Transcribe the entries below exactly from their first line through the line containing "<THE ONE & ONLY", and let no picture into the copy.
*** Provided information ***
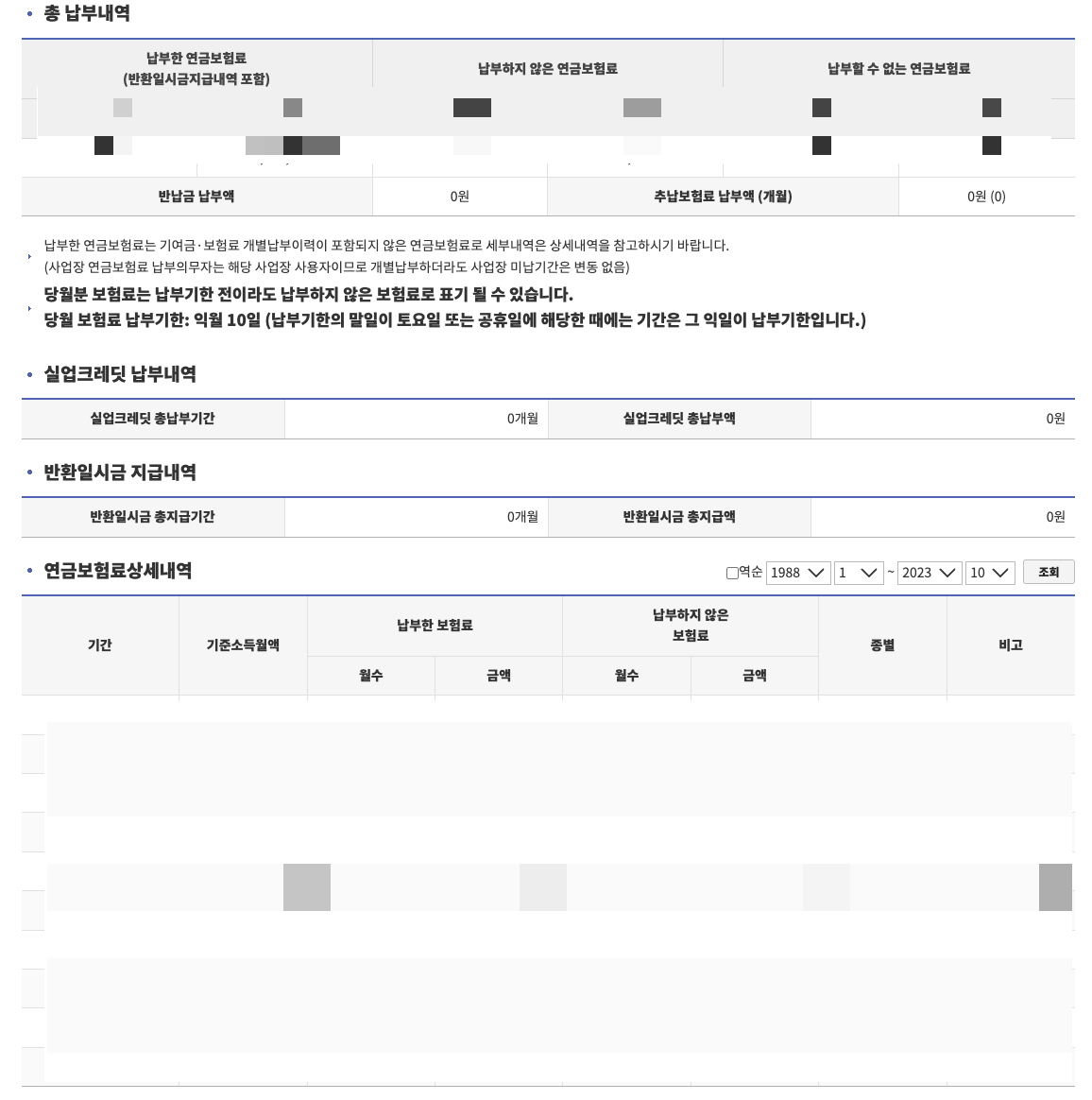 이밖에도 국민연금을 낸 연금보험료 상세내역도 아래 표에서 확인이 가능합니다.
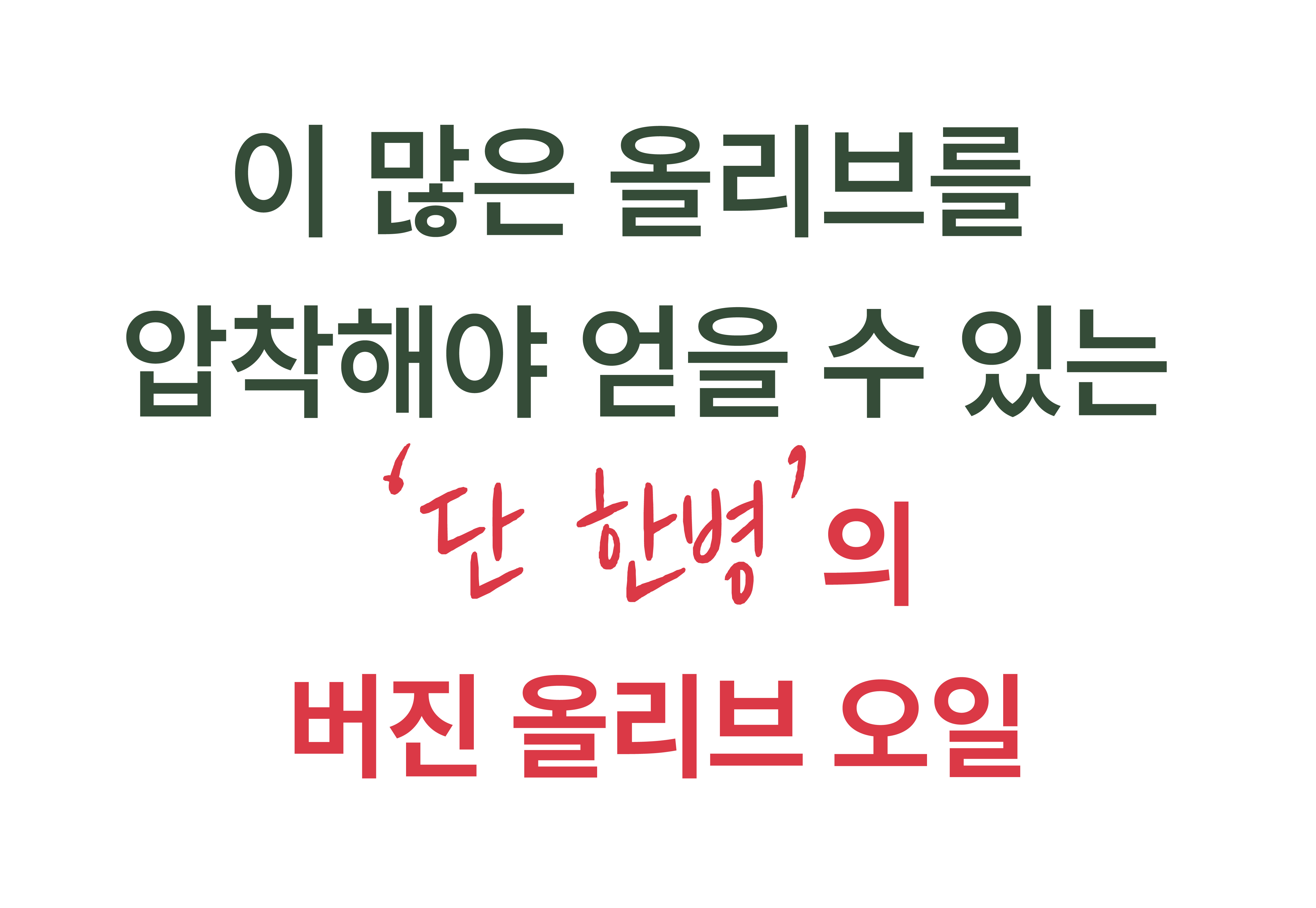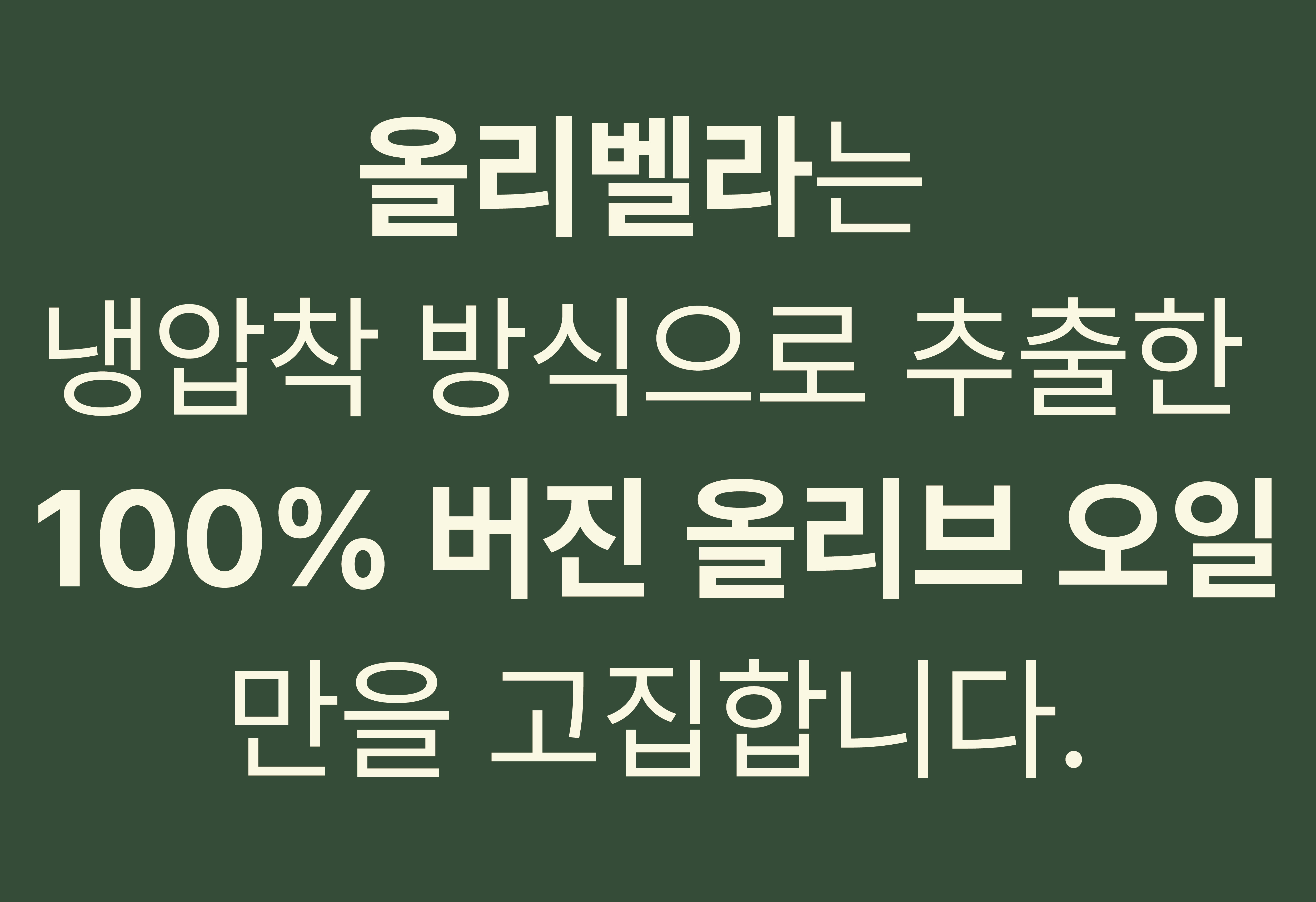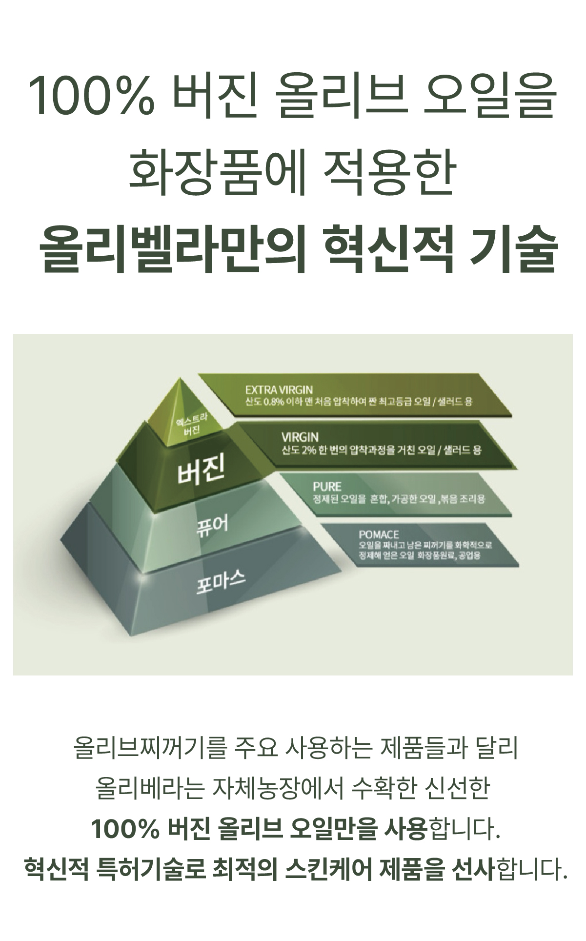 <THE ONE & ONLY 100% 버진올리브 오일> 이 캐치 프레이즈 안에 정말 많은 의미가 담겨있습니다. 올리벨라 제품의 장점은 바로 원료 그 자체입니다.
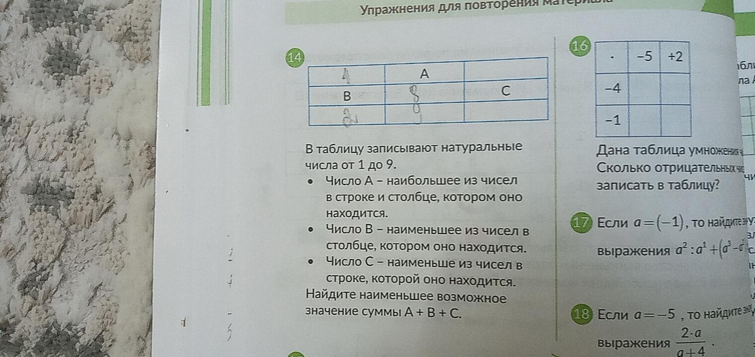 14.● B A В таблицу записывают натуральные числа от 1 до 9. Число А - наибольшее из чисел в строке и столбце, котором оно находится. ● С Число В - наименьшее из чисел в - столбце, котором оно находится. Число С-наименьше из чисел в старонке, которой оно находится. Найдите наименьшее возможное значение суммы А + В + С.
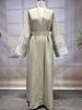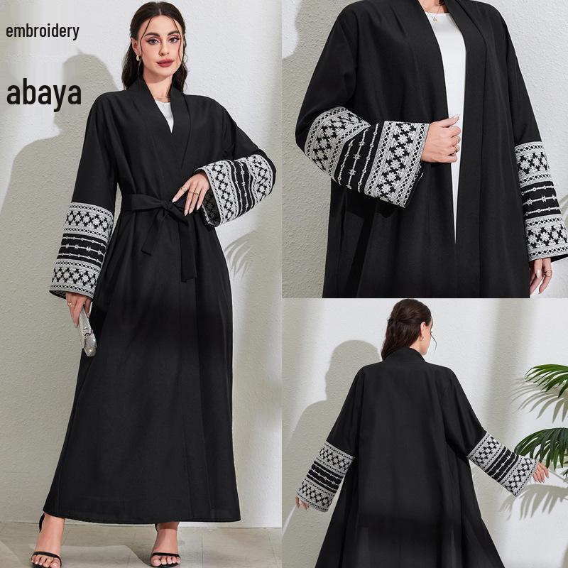 2025 Middle Eastern Muslim Fashion Embroidered Cardigan Dress with Belt and Pocket
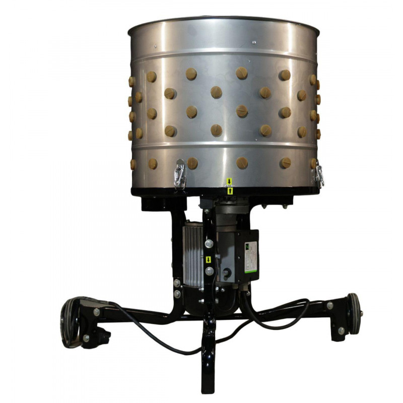 Оснащена 111 знімними гумовими пальцями для видалення пір’я та роз’ємом для підключення централізованої подачі води. Діаметр барабана 350 мм дозволяє обробляти птицю різних видів вагою до 2 кг. Двигун потужністю 1000 Вт забезпечує стабільну, продуктивну роботу, а завдяки міцним гумовим коліщатам з кульковими підшипниками пристрій можна легко переміщати.
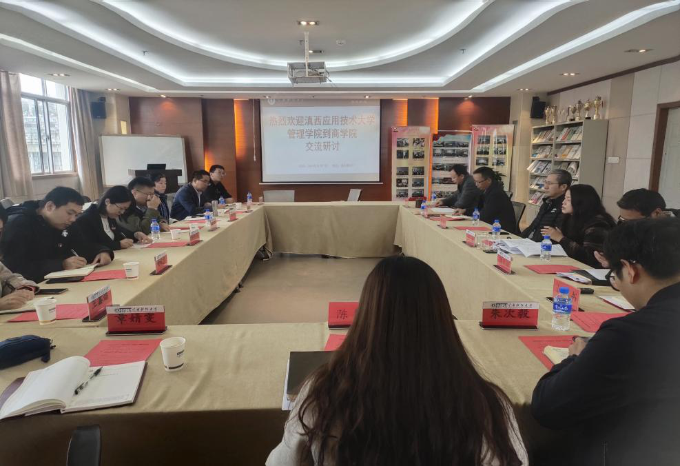 为高质量推进党史学习教育,进一步提升商学院基层党建工作质量,共同探索基层党建工作新模式,10月20日,商学院党委与滇西应用技术大学管理学院党委联合开展基层党建“手拉手”结对共建活动。滇西应用技术大学管理学院党委副书记、院长姚敏,党委副书记和向芬一行8人,与bat365官网经济研究院院长朱立,商学院党委委员,党支部书记及部分专业教师参加此次活动。
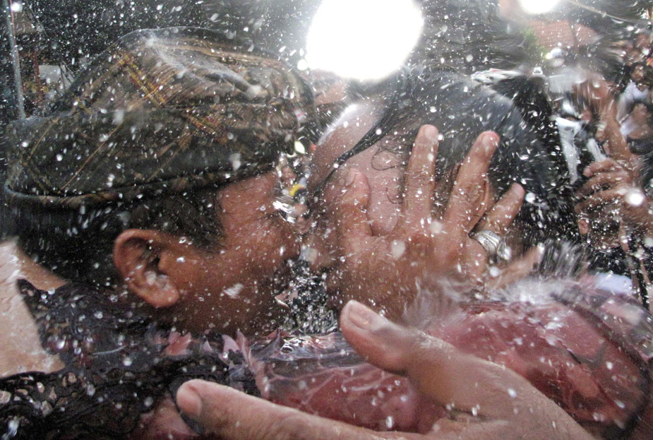 當(dāng)?shù)貢r(shí)間3月17日,印尼旅游勝地巴厘島舉行了傳統(tǒng)的“接吻節(jié)”。圖片來(lái)源:中國(guó)新聞網(wǎng)
*** End of Provided information ***
Response to this task:
 이밖에도 국민연금을 낸 연금보험료 상세내역도 아래 표에서 확인이 가능합니다.
 <THE ONE & ONLY 100% 버진올리브 오일> 이 캐치 프레이즈 안에 정말 많은 의미가 담겨있습니다. 올리벨라 제품의 장점은 바로 원료 그 자체입니다.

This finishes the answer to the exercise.